The subjects were 13 healthy adults (5 males, 8 females, age 35.8 ± 14.4 years) including university students and working adults. The contents of the experiment were explained to the subjects in advance. Informed consent was obtained from all subjects involved in this study.

2.7. Experimental Procedure

  • The subject inputs any voice, such as hello, into the system.
  • The dialogue system announces a topic and starts a dialogue.
  • After five minutes, the system announces the end of a dialogue and asks the subject to fill out the post-dialogue questionnaire.
These steps were repeated for the three types of system settings. When three dialogues were completed, the dialogue system announced the end of the experiment.
The subjects were only told that there were three types of partners and were not given any prior information about their respective settings. When the experimenter explained how to talk with the dialogue system, the subjects practiced talking with the system for up to two turns. Considering that impressions would change depending on the order, the order of the settings was switched for each subject to ensure equality. To avoid the influence of others, the experiment was conducted in a room with only the subject and the contents of the dialogues were not saved. The time series of the number of characters, spoken during the experiment, was saved and used to verify that a dialogue had taken place.

3. Results

All the subjects interacted with the system and responded to the questionnaire. First, the responses are presented from the perspective of overall trends and individual subjects. Second, hierarchical cluster analysis was conducted on each subject. The analysis results were aggregated to investigate the cumulative results of all subjects’ evaluations. The process is illustrated using the response and dendrograms of one subject as an example. Third, the system evaluation items were classified according to the cumulative results.
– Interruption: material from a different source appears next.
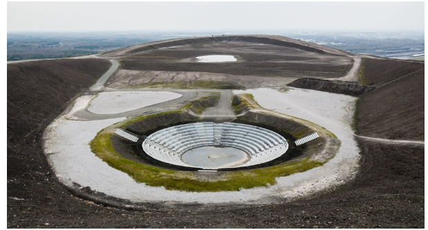
L'amphithéâtre sommital de Halde Haniel

And some unusual places, like an amphitheater set up at the top of a slag heap, or a Soviet airliner, nicknamed "Lady Agnes", landed in the middle of nowhere.

3.1. Questionnaire Results

The average and standard deviation of the results for the post-dialogue questionnaire are shown in Figure 5. The dialogue system in the dyadic interaction (with a topic) setting ignored the subjects in the dialogue as shown in Figure 4, and the evaluations were negative on average. In the dyadic interaction (with a subject) setting and in the triadic interaction setting, dialogues took place between the subjects and the system, and the evaluations were relatively positive on average. On the other hand, each of the subjects gave various evaluations of the system and dialogues across the three settings. The evaluation results for one subject are shown in Table 2 as an example, and the evaluation results for all subjects are included in the Supplementary File.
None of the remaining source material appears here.